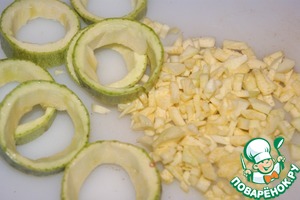Точно также поступить с кабачками, только нарезать их тоньше, не больше, чем 1 см. Мякоть кабачка добавить к мякоти баклажан.
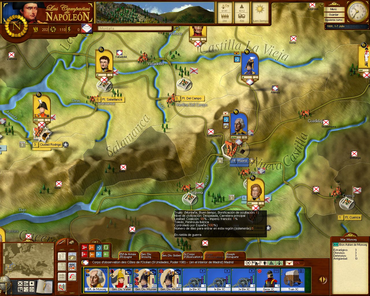 Check the screen: inside Madrid there are a lot of French tstacks but no dots under Madrid's name
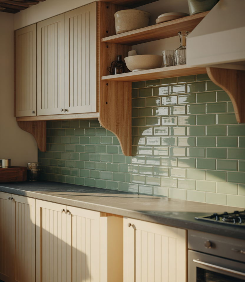 Green in 2026 isn’t limited to cabinetry. Tile, painted islands, and even ceiling accents bring freshness to modern farmhouse kitchens without overwhelming them. These touches pair well with natural materials and evolving design ideas.
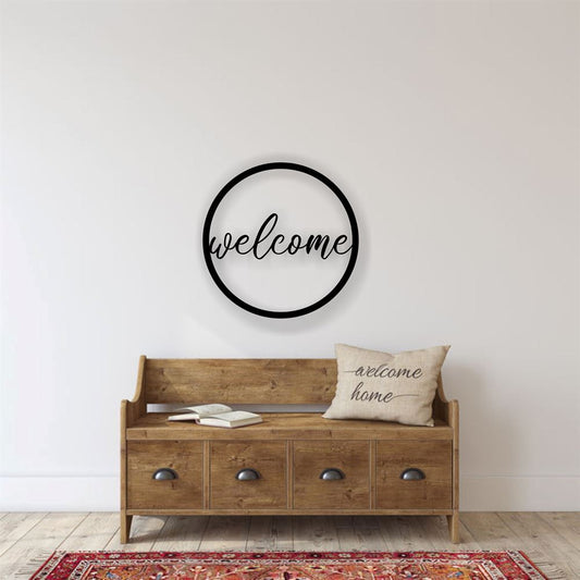 Personalized Metal Monogram Sign, Welcome With Round Border Metal Wall Decor, Entryway Decor Living Room Decor, Kitchen Decor Thanksgiving
*-*-*
Give back the material exactly as written, images excluded.

• [ANSWER BELOW]:
Точно также поступить с кабачками, только нарезать их тоньше, не больше, чем 1 см. Мякоть кабачка добавить к мякоти баклажан.
 Check the screen: inside Madrid there are a lot of French tstacks but no dots under Madrid's name
 Green in 2026 isn’t limited to cabinetry. Tile, painted islands, and even ceiling accents bring freshness to modern farmhouse kitchens without overwhelming them. These touches pair well with natural materials and evolving design ideas.
 Personalized Metal Monogram Sign, Welcome With Round Border Metal Wall Decor, Entryway Decor Living Room Decor, Kitchen Decor Thanksgiving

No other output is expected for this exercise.